What the task asks
The expected output is every line of the data exactly as shown, minus the images.

Source data

—————

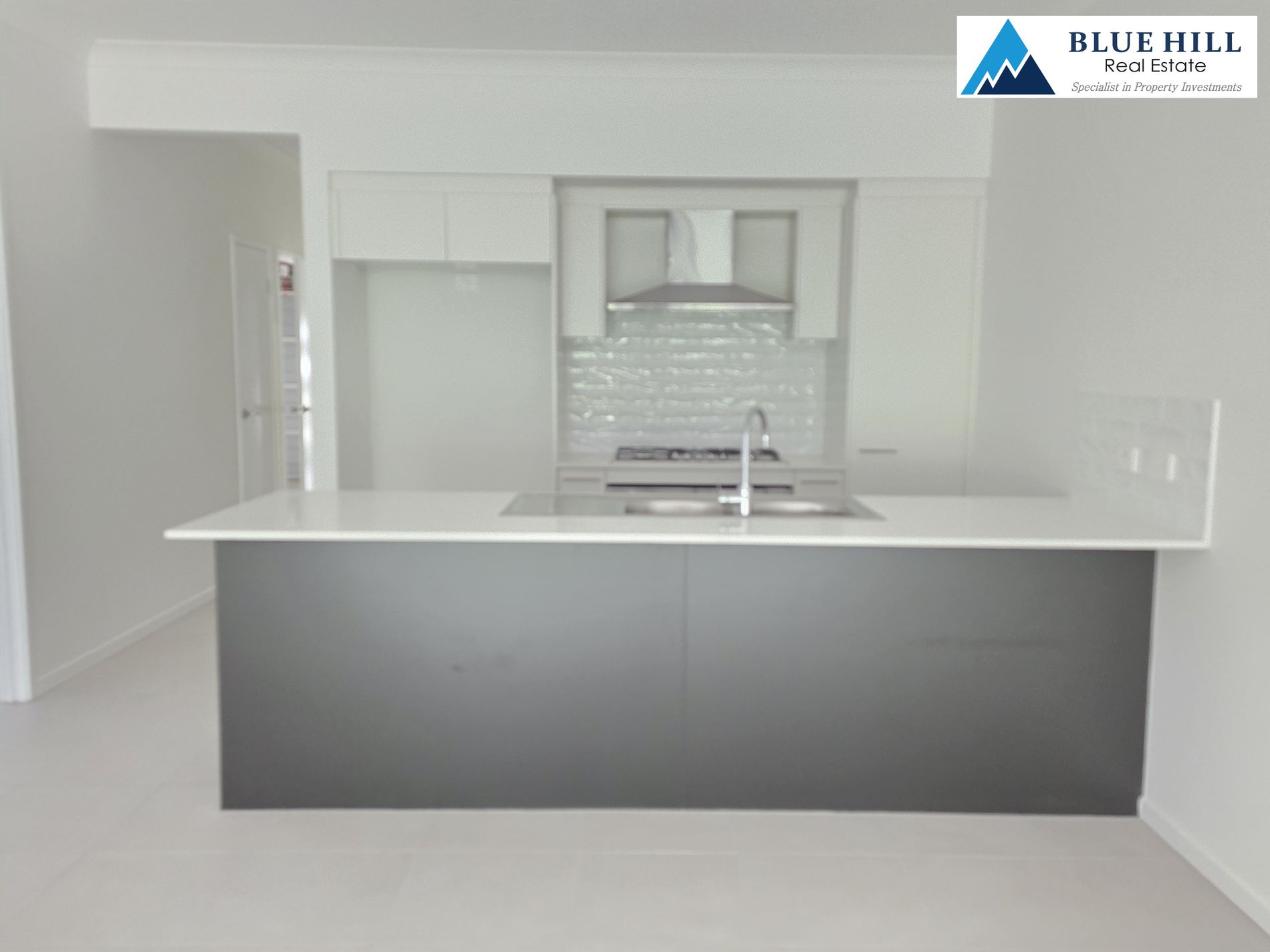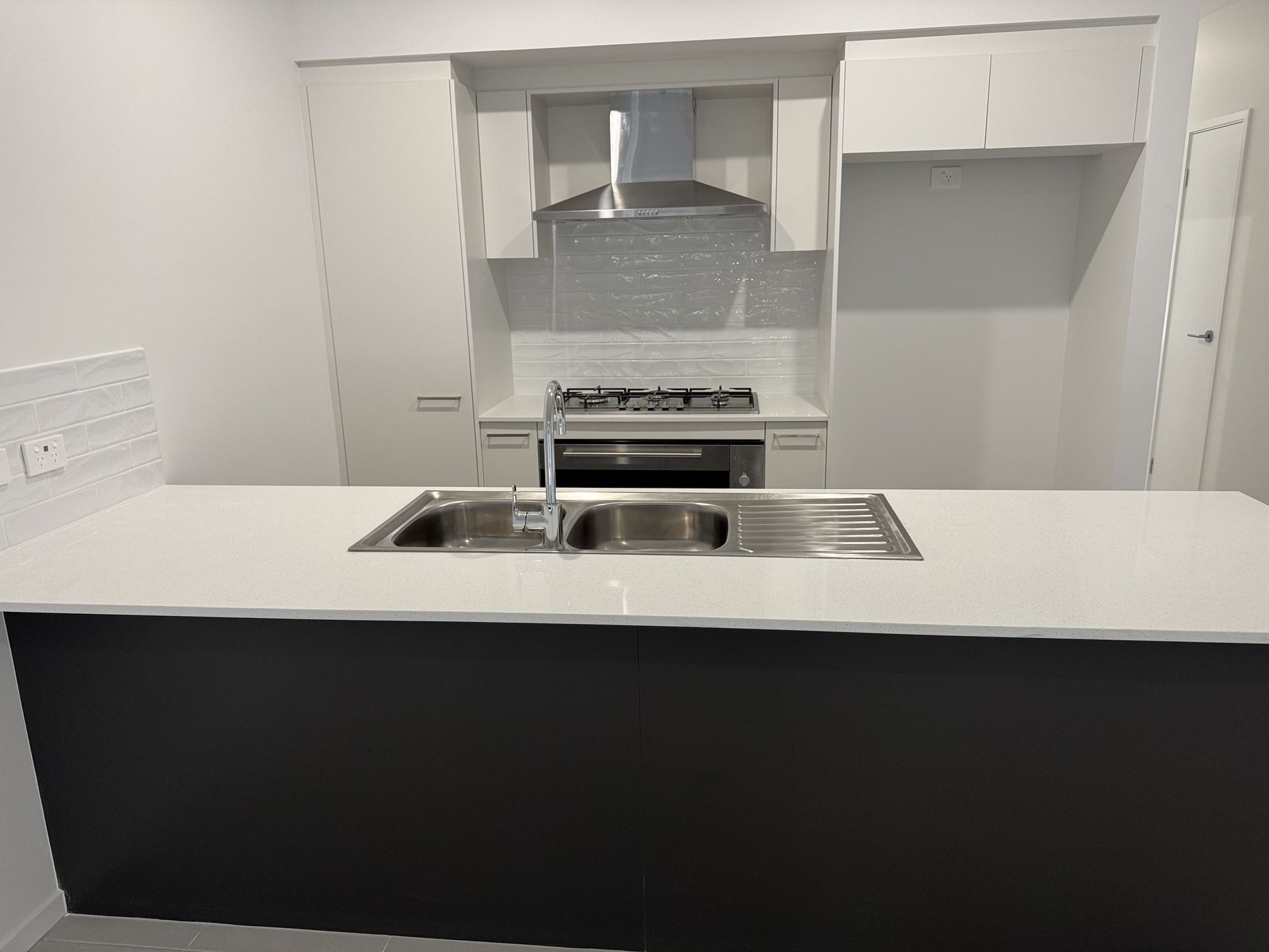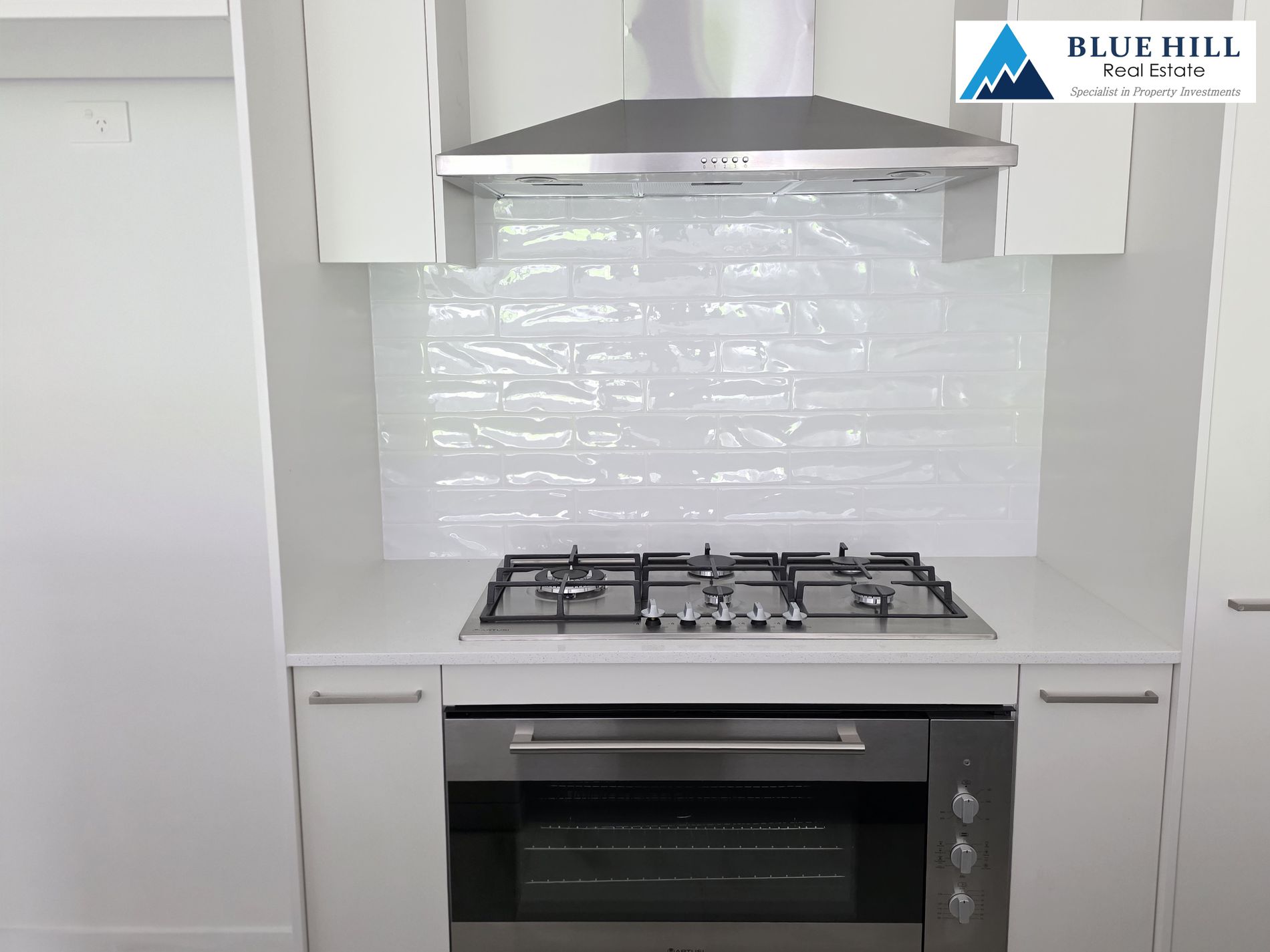 * Elegant kitchen with stone benchtops, stainless steel appliances including dishwasher, oven, gas cooktop and rangehood.
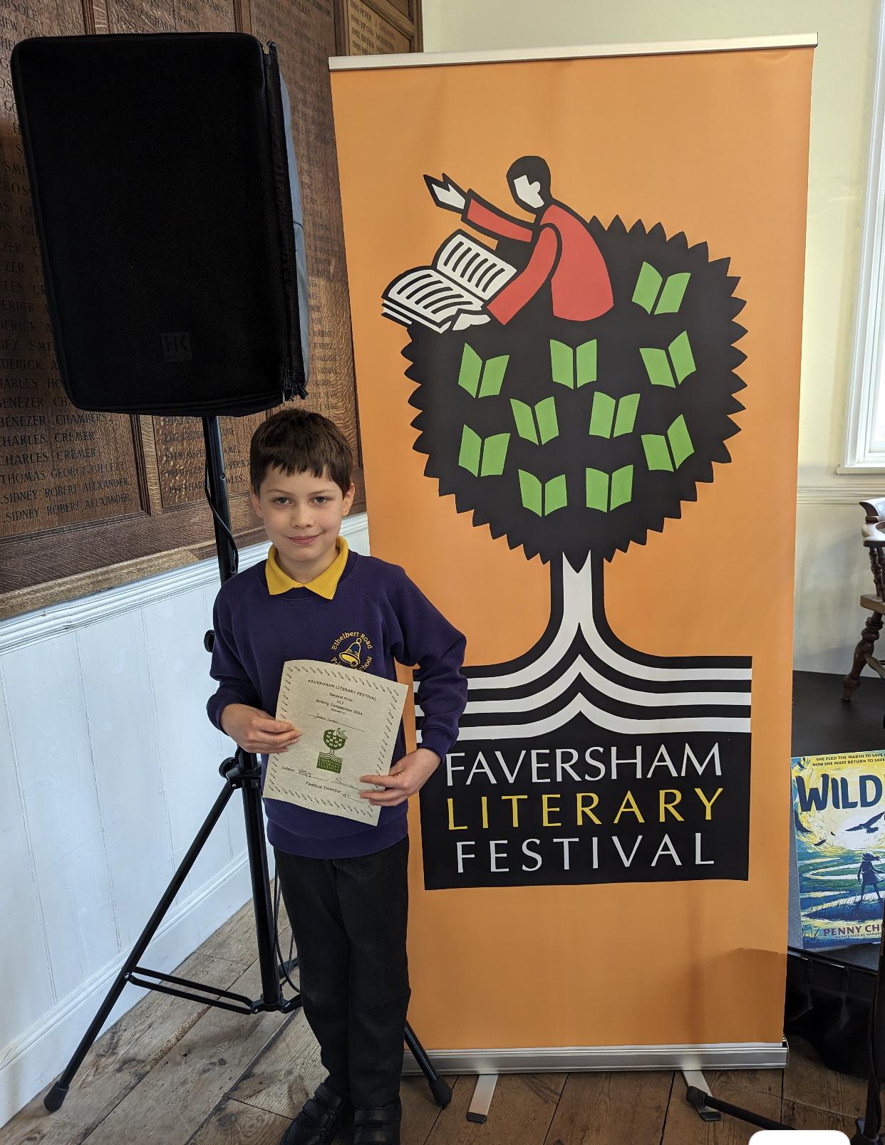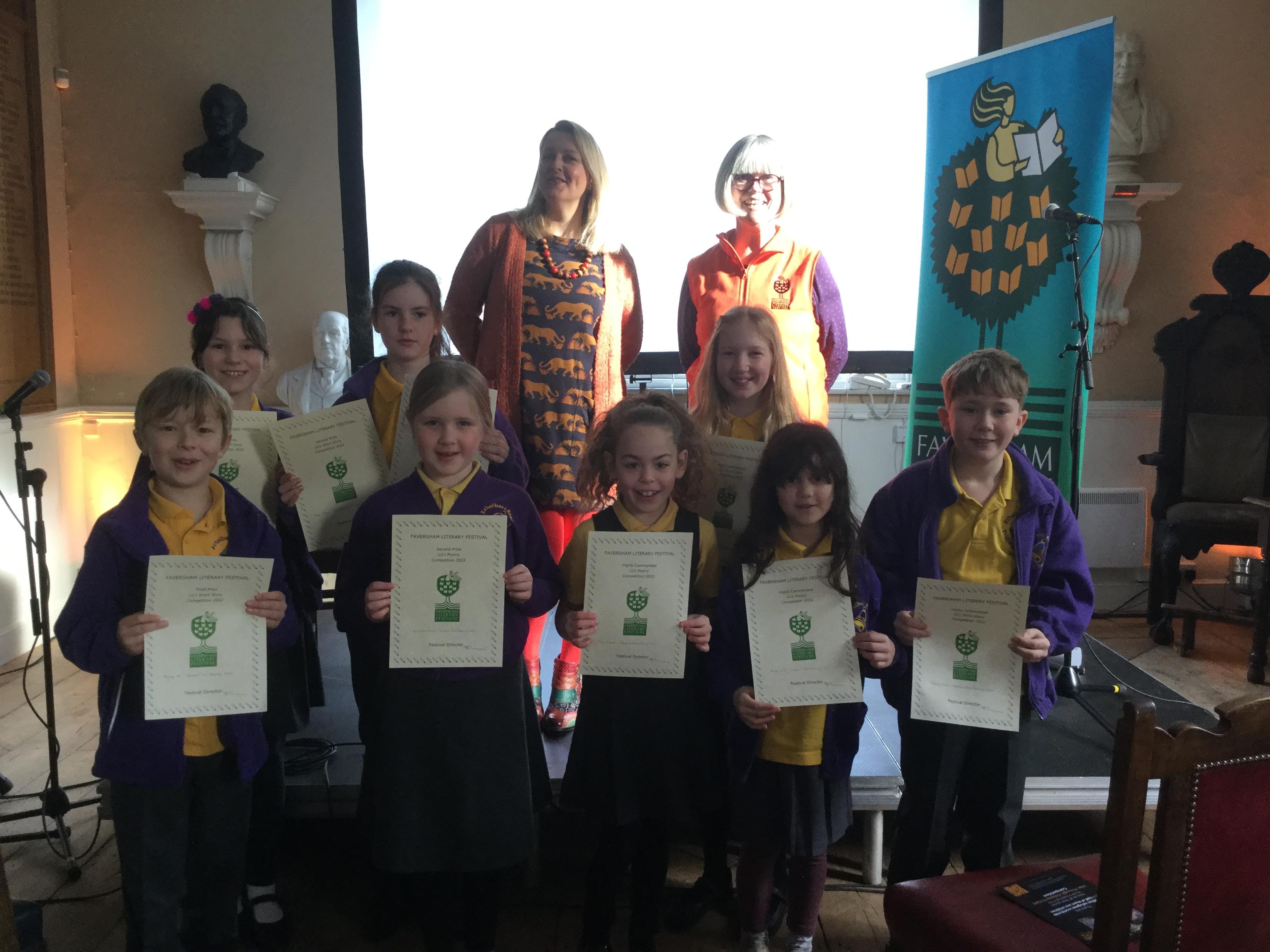 Each year, our children are encouraged to participate in a local creative writing competition run by The Faversham Literary Festival. Every year group submits entries, and we have been highly successful in gaining awards for our children. This year (2022) our children dominated the awards ceremony, with winning entries read by children's author Lucy Strange.
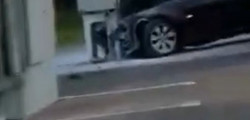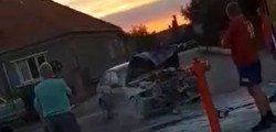 BMW-ul s-a ales cu partea din față șifonată considerabil după impactul cu stâlpul. În imagini observăm că airbag-urile au fost declanșate, astfel că acum mașina va necesita lucrări de reparații costisitoare, sau v fi declarată daună totală.

—————

Exercise output
 * Elegant kitchen with stone benchtops, stainless steel appliances including dishwasher, oven, gas cooktop and rangehood.
 Each year, our children are encouraged to participate in a local creative writing competition run by The Faversham Literary Festival. Every year group submits entries, and we have been highly successful in gaining awards for our children. This year (2022) our children dominated the awards ceremony, with winning entries read by children's author Lucy Strange.
 BMW-ul s-a ales cu partea din față șifonată considerabil după impactul cu stâlpul. În imagini observăm că airbag-urile au fost declanșate, astfel că acum mașina va necesita lucrări de reparații costisitoare, sau v fi declarată daună totală.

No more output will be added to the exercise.